Background on Unreasonable Risk Determination
In each Risk Evaluation under TSCA section 6(b), EPA determines whether a chemical substance presents an unreasonable risk of injury to health or the environment, under the conditions of use. The unreasonable risk determination does not consider costs or other non-risk factors. In making the unreasonable risk determination, EPA considers relevant risk-related factors, including, but not limited to: the effects of the chemical substance on health and human exposure to such substance under the conditions of use (including cancer and non-cancer risks); the effects of the chemical substance on the environment and environmental exposure under the conditions of use; the population exposed (including any potentially exposed or susceptible subpopulations (PESS)); the severity of hazard (including the nature of the hazard, the irreversibility of the hazard); and uncertainties.
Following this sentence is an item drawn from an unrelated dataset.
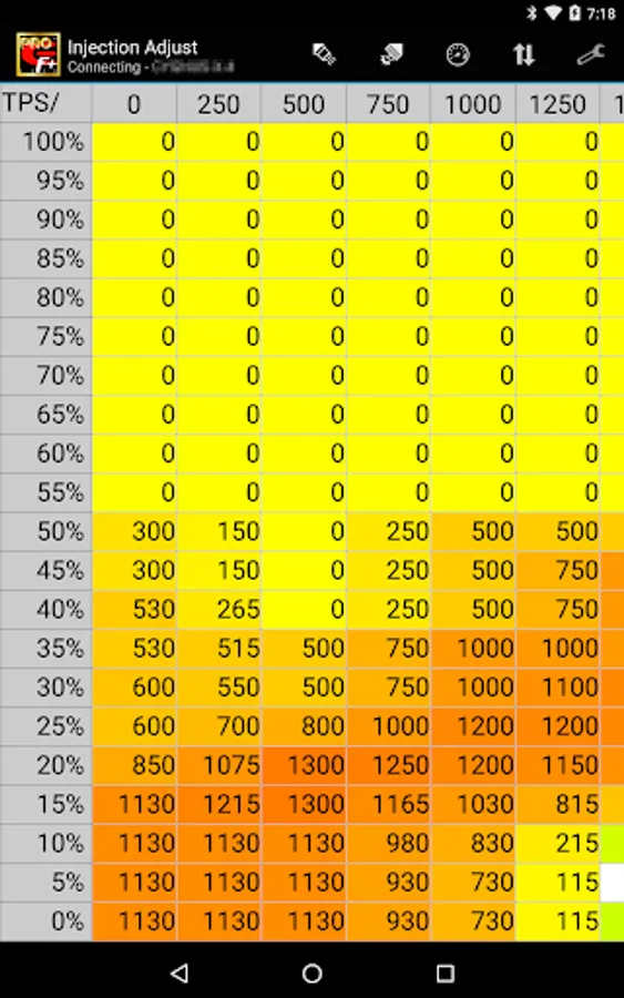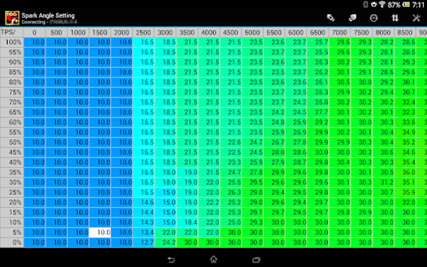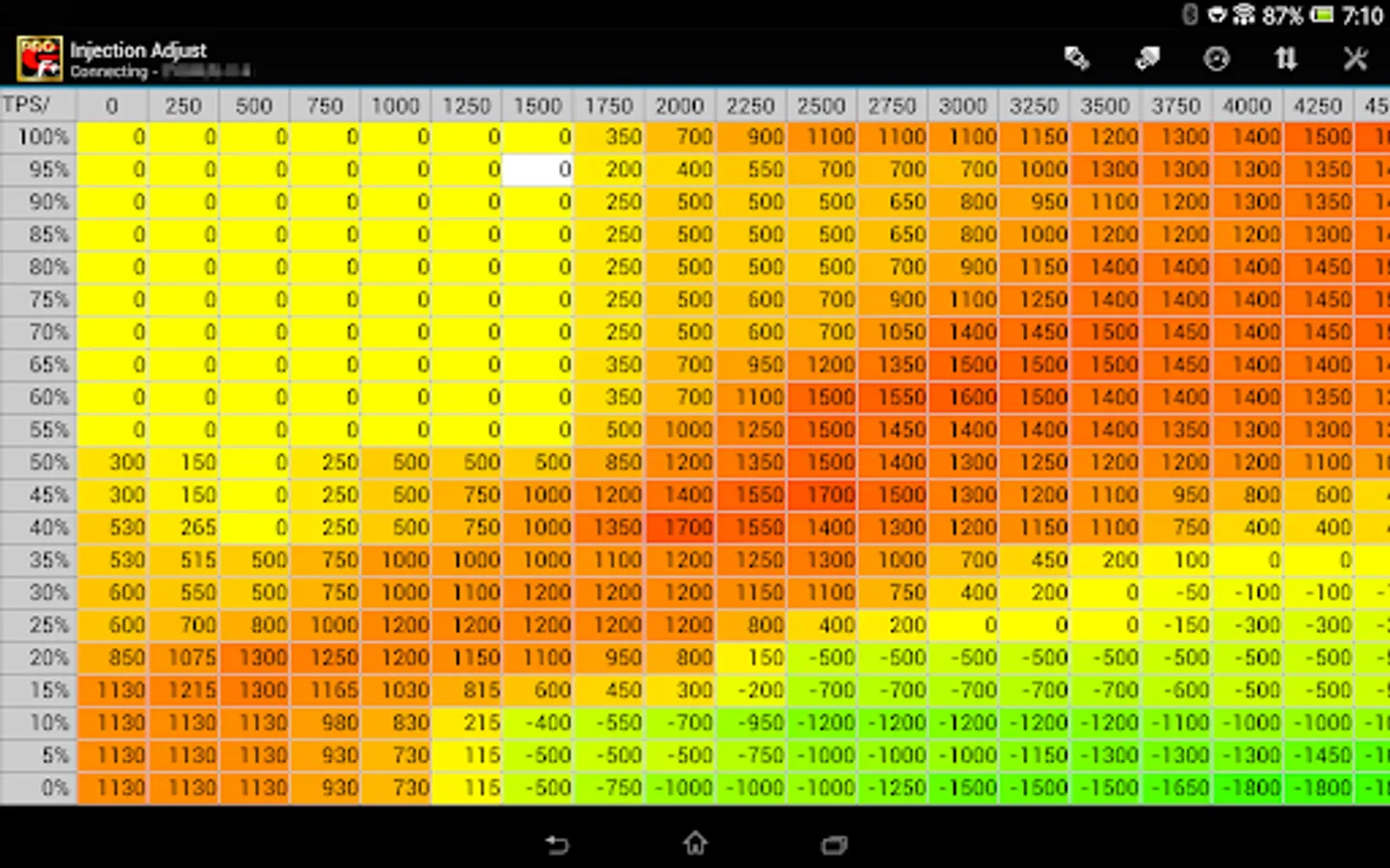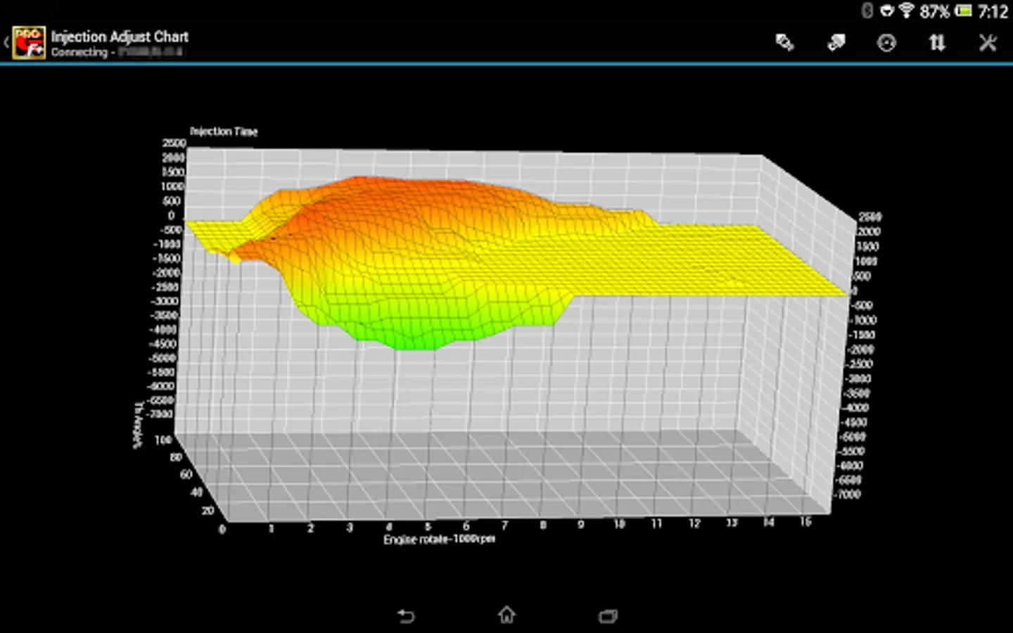 - The fuel map, showing real-time engine speed, throttle position of the current.

EPA takes into consideration the Agency's confidence in the data used in the risk estimate. This includes an evaluation of the strengths, limitations, and uncertainties associated with the information used to inform the risk estimate and the risk characterization. This approach is in keeping with the Agency's final rule, Procedures for Chemical Risk Evaluation Under the Amended Toxic Substances Control Act (82 FR 33726, July 20, 2017).
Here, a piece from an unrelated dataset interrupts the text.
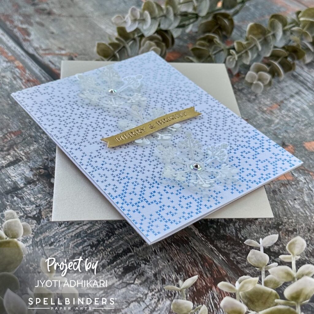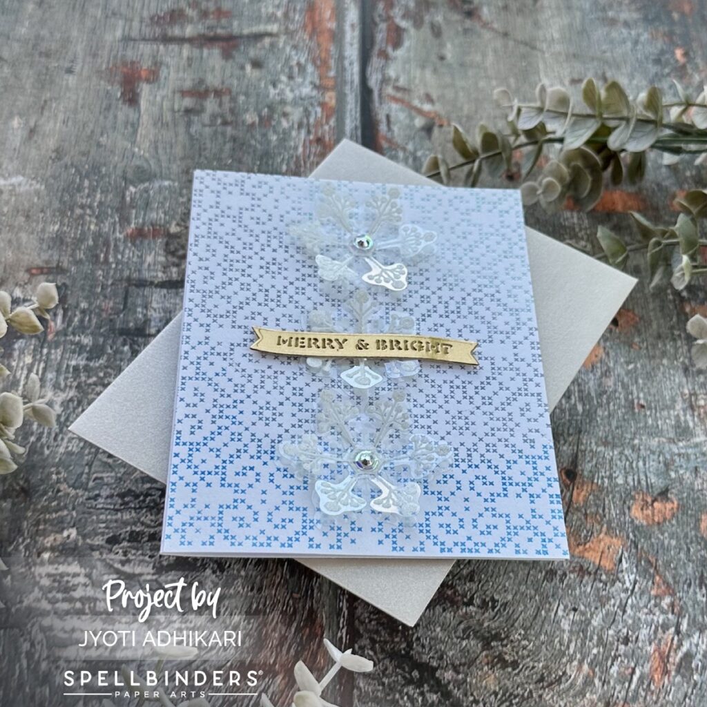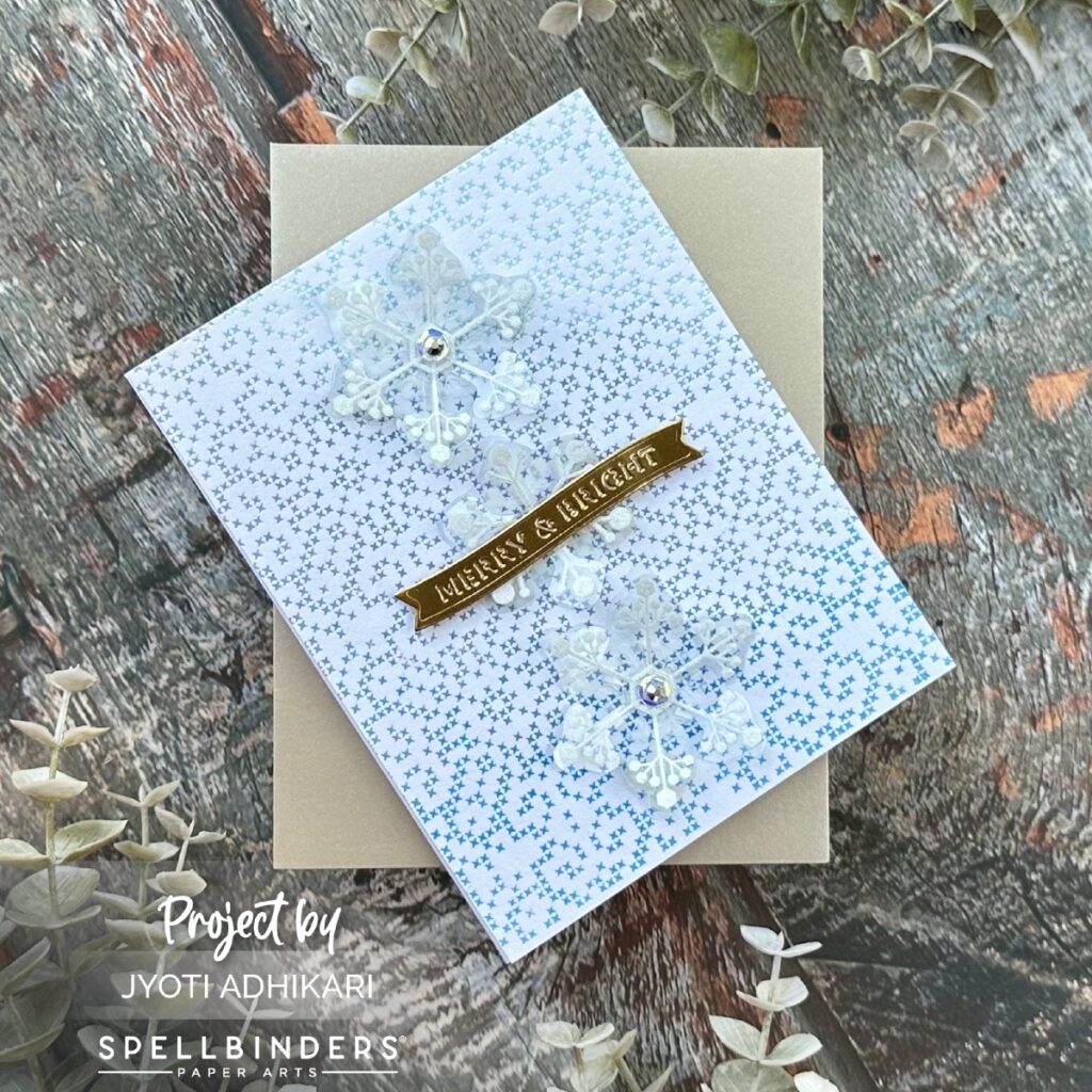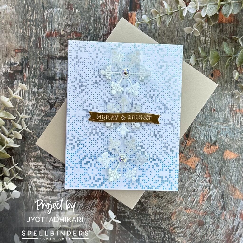 I chose a sentiment from my foil greeting stash that says “Merry & Bright.” The banner shape works beautifully over the center snowflake, and I die cut it from gold cardstock to coordinate with the soft icy theme.

This section describes the draft revised unreasonable risk determination for HBCD, under the conditions of use in the scope of the Risk Evaluation for the cyclic aliphatic bromide cluster chemicals. EPA evaluated two of the three chemicals in the cluster: CASRN 25637-99-4 and CASRN 3194-55-6. In this document, the use of "HBCD" refers to either or both chemicals. No conditions of use were identified for the third chemical, CASRN 3194-57-8. This draft revised unreasonable risk determination is based on the risk estimates in the final Risk Evaluation, which may differ from the risk estimates in the draft Risk Evaluation due to peer review and public comments.

Unreasonable Risk to Human Health

Human Health 

EPA's HBCD risk evaluation identified non-cancer adverse effects from acute and chronic inhalation and dermal exposures to HBCD. The most sensitive and robust endpoint for acute exposure is offspring loss, and for chronic exposure, it is thyroid effects. Risks were estimated for all human receptors following both acute and chronic exposure for representative endpoints from every hazard domain carried through to dose-response analysis. The health risk estimates for all conditions of use are in Tables 4-14 through 4-24 of this Risk Evaluation.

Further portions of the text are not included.